Tínhamos a incorporação de Sete Encruzilhadas na linha de Oxalá, Exu Marabô na linha de Oxossi, Gira Mundo na linha de Xangô, Exu Caveira na linha de Obaluaiê, Exu do Lodo na linha de nanã, mas não existia nenhum guia que atuava na linha de Ogum que, já naquela época, era sabido que "comandava" a linha de todos os Exus. Na década de 1940, porém, de forma massificada (vários terreiros espalhados pelo Brasil todo de uma só vez) surgiu o primeiro Exu que atuava sob a regência de Ogum e, de forma bastante escancarada, trazia aos terreiros o trabalho de manipulação de Magia. Esta linha se denominava Tranca Ruas.
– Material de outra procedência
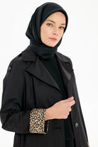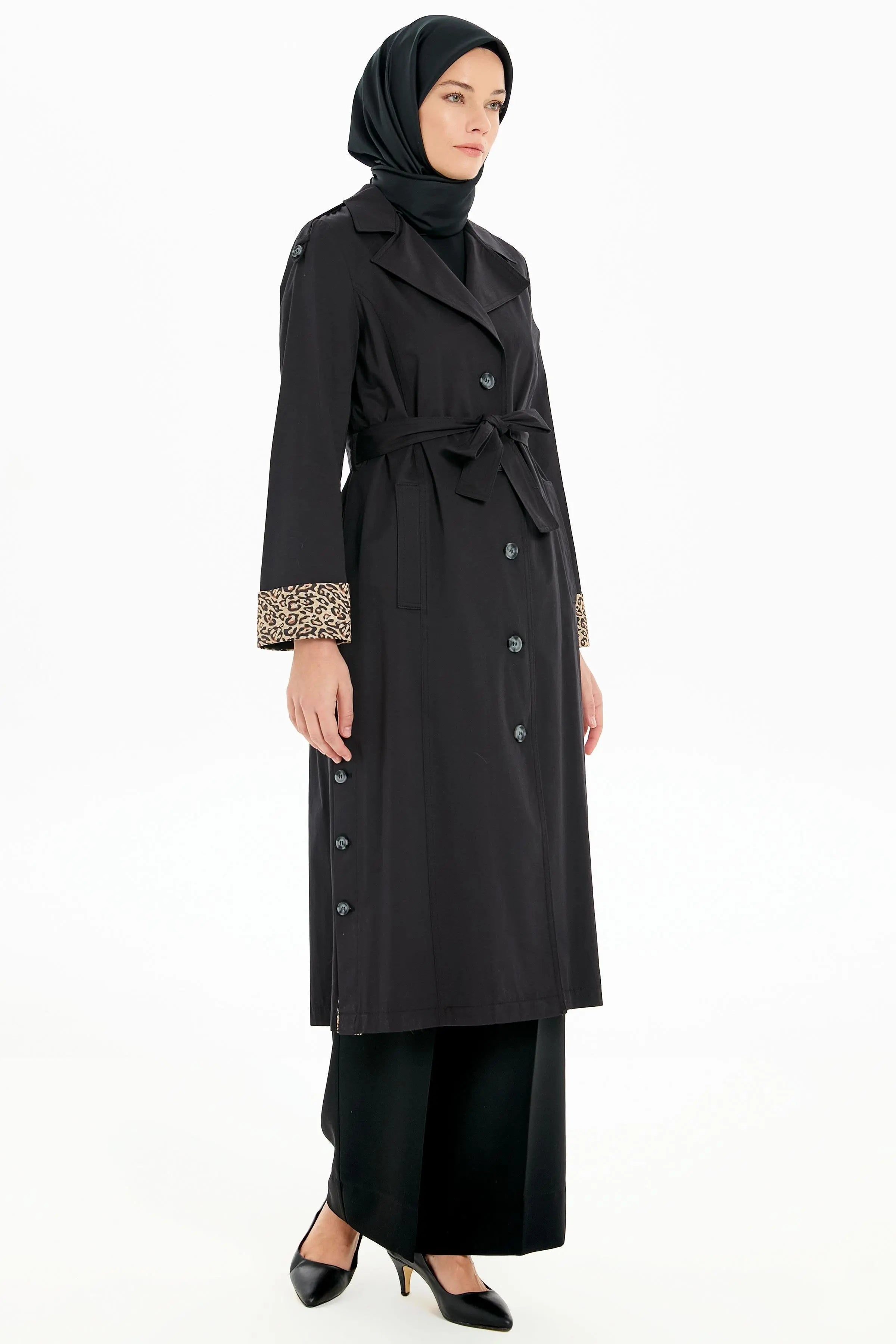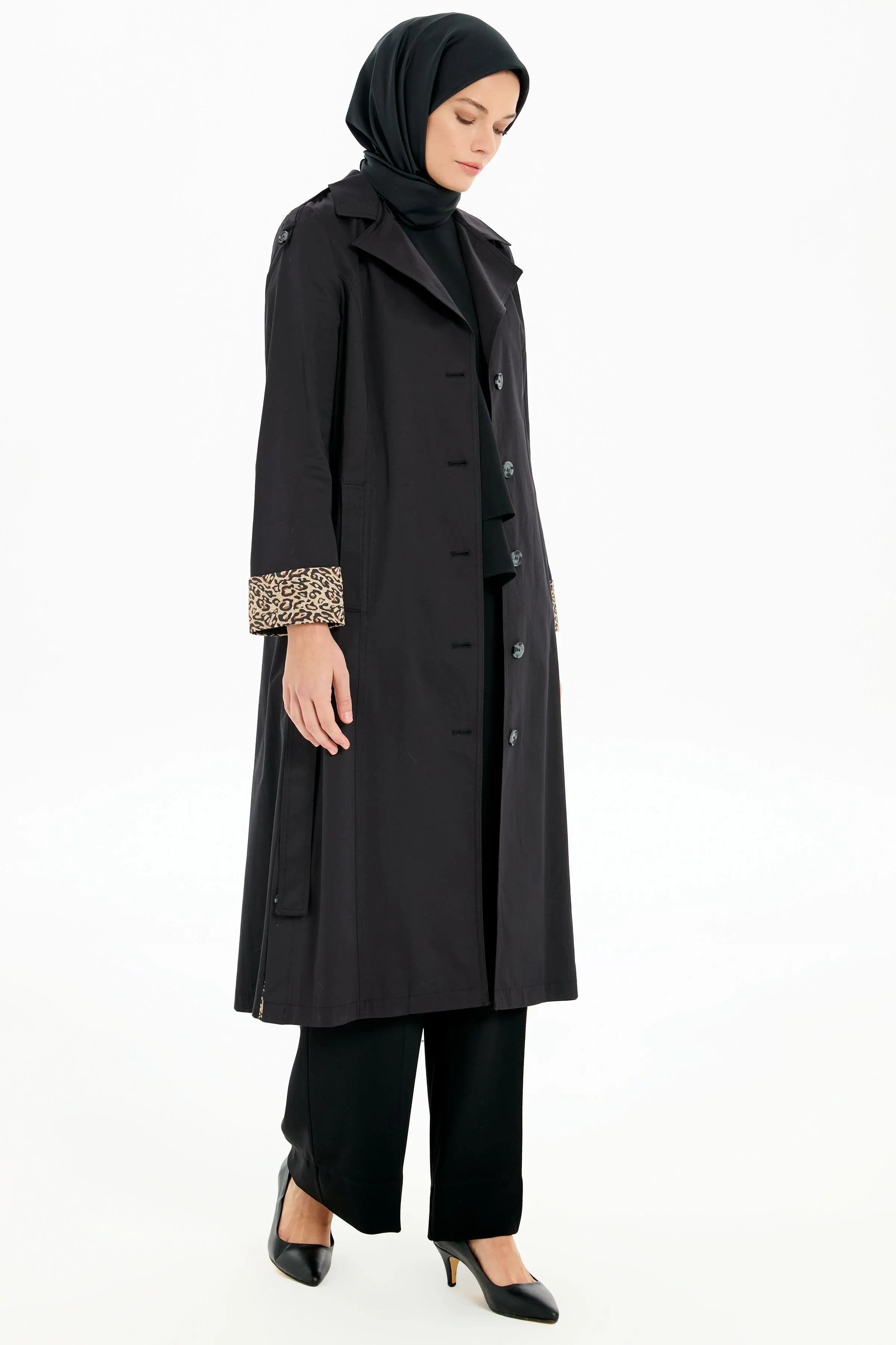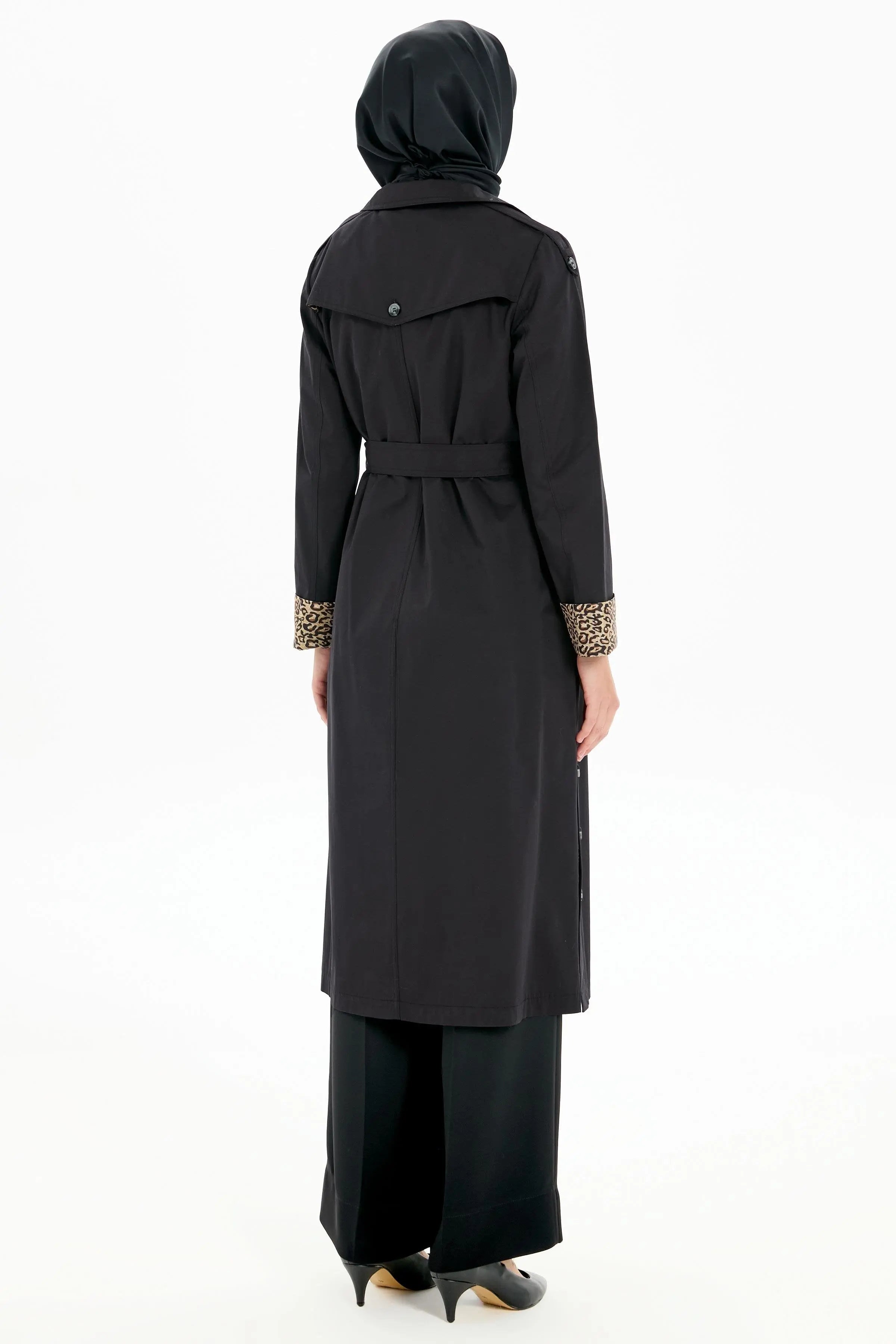 Leopard Garnished Slit Detailed Trench Coat - Black

A apresentação de Tranca Ruas é um verdadeiro marco na história da Umbanda, pois chamou a atenção para seus trabalhos realmente incomuns na época, o que fazia com que os médiuns tivessem que estudar para aprender aquilo que estava sendo realizado. E esses rituais, que eram diversos, surgiam por Tranca Ruas, mas com a autorização do Plano Espiritual para tal. A vinda de Tranca Ruas e sua forma de trabalhar indicava que os médiuns estariam (ou deveriam estar) preparados para realizar trabalhos mais pesados, além das desobsessões já comuns à época. Foi com Tranca Ruas que o elemento fogo passou a ser utilizado durante os atendimentos aos assistidos e um ritual bastante utilizado até hoje foi criado, que é a Roda de Fogo. Sabe aquele assistido que precisa de um descarrego mais forte, e é colocado no meio de uma roda cercada de pólvora (fundanga)? Então, foi Tranca Ruas que nos apresentou esta prática, FUNDAMENTADA dentro da Lei Maior.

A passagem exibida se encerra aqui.